We prove (i) only. Since \(D_0 \in \mathcal{D}_{\textrm{H}}(q(1))\), \(C_0 \in \mathcal{D}_{\textrm{H}}(q'(1))\), and \(q(1) > q'(1)\), Proposition 5.1 implies that the maximizer set \(D_0\) is closer to the origin than \(C_0\). Hence, the statement of the claim follows since the H-sequence \(D_0, D_1, \ldots , D_{t-1}, D_t\) starts from \(D_0\), the H-sequence \(C_0, C_1, \ldots , C_{s-1}, C_{s}\) starts from \(C_0\), and the two H-sequences are disjoint. \(\square\)
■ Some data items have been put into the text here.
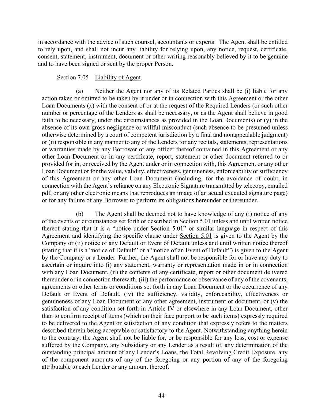 44 in accordance with the advice of such counsel, accountants or experts. The Agent shall be entitled to rely upon, and shall not incur any liability for relying upon, any notice, request, certificate, consent, statement, instrument, document or other writing reasonably believed by it to be genuine and to have been signed or sent by the proper Person. Section 7.05 Liability of Agent. (a) Neither the Agent nor any of its Related Parties shall be (i) liable for any action taken or omitted to be taken by it under or in connection with this Agreement or the other Loan Documents (x) with the consent of or at the request of the Required Lenders (or such other number or percentage of the Lenders as shall be necessary, or as the Agent shall believe in good faith to be necessary, under the circumstances as provided in the Loan Documents) or (y) in the absence of its own gross negligence or willful misconduct (such absence to be presumed unless otherwise determined by a court of competent jurisdiction by a final and nonappealable judgment) or (ii) responsible in any manner to any of the Lenders for any recitals, statements, representations or warranties made by any Borrower or any officer thereof contained in this Agreement or any other Loan Document or in any certificate, report, statement or other document referred to or provided for in, or received by the Agent under or in connection with, this Agreement or any other Loan Document or for the value, validity, effectiveness, genuineness, enforceability or sufficiency of this Agreement or any other Loan Document (including, for the avoidance of doubt, in connection with the Agent’s reliance on any Electronic Signature transmitted by telecopy, emailed pdf, or any other electronic means that reproduces an image of an actual executed signature page) or for any failure of any Borrower to perform its obligations hereunder or thereunder. (b) The Agent shall be deemed not to have knowledge of any (i) notice of any of the events or circumstances set forth or described in Section 5.01 unless and until written notice thereof stating that it is a “notice under Section 5.01” or similar language in respect of this Agreement and identifying the specific clause under Section 5.01 is given to the Agent by the Company or (ii) notice of any Default or Event of Default unless and until written notice thereof (stating that it is a “notice of Default” or a “notice of an Event of Default”) is given to the Agent by the Company or a Lender. Further, the Agent shall not be responsible for or have any duty to ascertain or inquire into (i) any statement, warranty or representation made in or in connection with any Loan Document, (ii) the contents of any certificate, report or other document delivered thereunder or in connection therewith, (iii) the performance or observance of any of the covenants, agreements or other terms or conditions set forth in any Loan Document or the occurrence of any Default or Event of Default, (iv) the sufficiency, validity, enforceability, effectiveness or genuineness of any Loan Document or any other agreement, instrument or document, or (v) the satisfaction of any condition set forth in Article IV or elsewhere in any Loan Document, other than to confirm receipt of items (which on their face purport to be such items) expressly required to be delivered to the Agent or satisfaction of any condition that expressly refers to the matters described therein being acceptable or satisfactory to the Agent. Notwithstanding anything herein to the contrary, the Agent shall not be liable for, or be responsible for any loss, cost or expense suffered by the Company, any Subsidiary or any Lender as a result of, any determination of the outstanding principal amount of any Lender’s Loans, the Total Revolving Credit Exposure, any of the component amounts of any of the foregoing or any portion of any of the foregoing attributable to each Lender or any amount thereof.
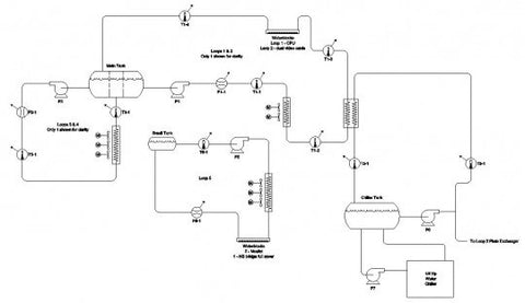 這個Goliath PC冷卻裝置運行在一個由管道、制冷、水箱和布線組成的復雜網絡上。冷水機和冷水箱泵由手動控制,其余由labjackU3-LV和DaqFactory控制。它是由一位客戶設計和建造的。
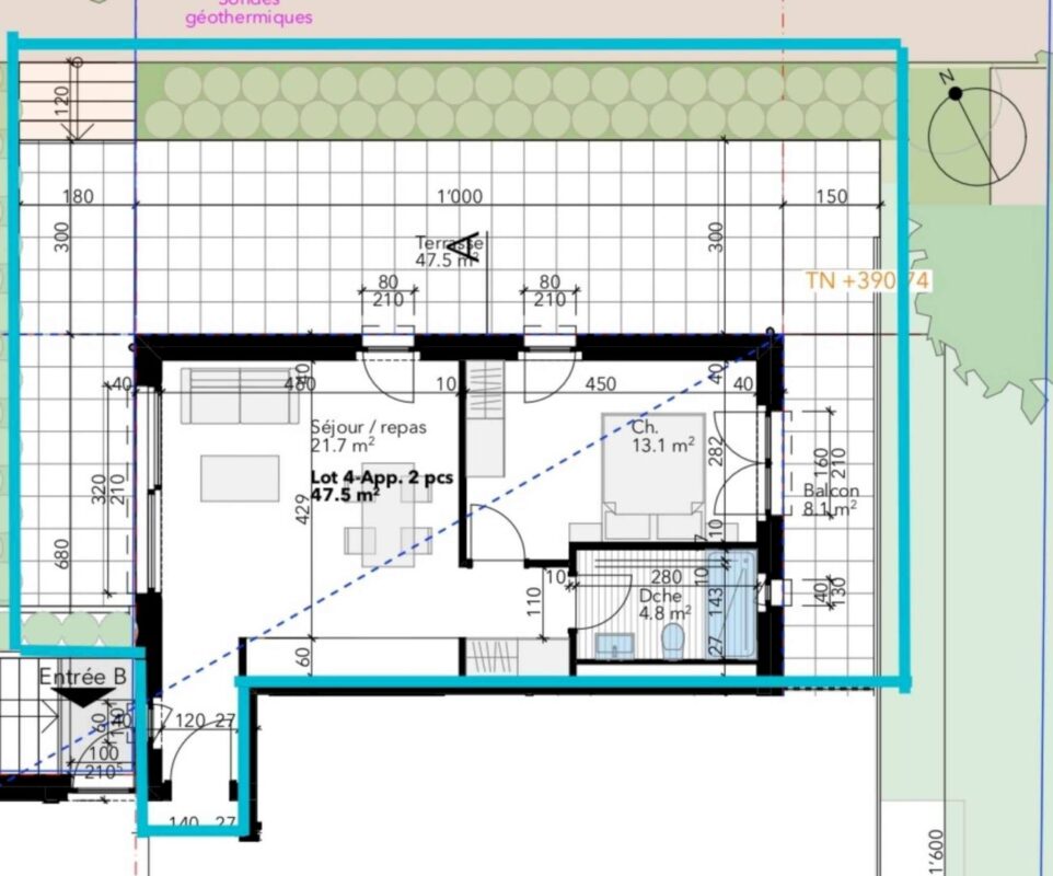 The living room boasts a large west-facing bay window, providing plenty of natural light. The bedroom has a surface area of over 13 m2 with several openings onto the terrace, and the shower room is naturally ventilated by a window.

We see that maximizer sets \(C_0, C_1, \ldots , C_{s^*}\) are connected, and two sets \(C_0\) and \(C_{s^*}\) are on the boundary of \(T_\Phi\). This means that the sequence \(C_0, C_1, \ldots , C_{s^*}\) separates \(T_\Phi\) into two region, the one containing the origin and another one not containing the origin. Moreover, \(D_0, C_0 \in \mathcal{B}_{\textrm{H}}\), \(D_{t^*}, C_{s^*} \in \mathcal{B}_{\textrm{V}}\), \(D_0\) is closer to the origin than \(C_0\), and \(D_{t^*}\) is farther from the origin than \(C_{s^*}\). This observation and Claim 1 imply that

$$\begin{aligned} \{D_0, D_1, \ldots , D_t\} \cap \{C_s, C_{s+1}, \ldots , C_{s^*}\} \ne \emptyset , \end{aligned}$$

i.e., \(D_{t'} = C_{s'}\) holds for some \(t'\) and \(s'\) with \(0 \le t' \le t\) and \(s \le s' \le s^*\). This concludes the proof for “if” part of Proposition 5.5. \(\square\)

We now give a proof of Lemma 3.4. Proposition 5.5 implies that the set P(f) of slope vectors of all 2-d maximizer sets for function f is uniquely determined by the set \(P^+(f)\). Using the set P(f) and the values \(\ell _{\textrm{LH}}(D(p)) - \ell _{\textrm{UH}}(D(p))\) for \(p \in P^+(f)\), we can compute the lengths of six edges of all 2-d maximizer sets with the aid of the equations (5.1), (5.2), and (5.3) in Propositions 5.2, 5.3, and 5.4. We can also obtain the information on the adjacency relationship among 2-d maximizer sets of f by Propositions 5.2, 5.3, and 5.4. Hence, the function values of f at all points in \(T_\Phi\) are uniquely determined by Proposition 2.7. This concludes the proof of Lemma 3.4.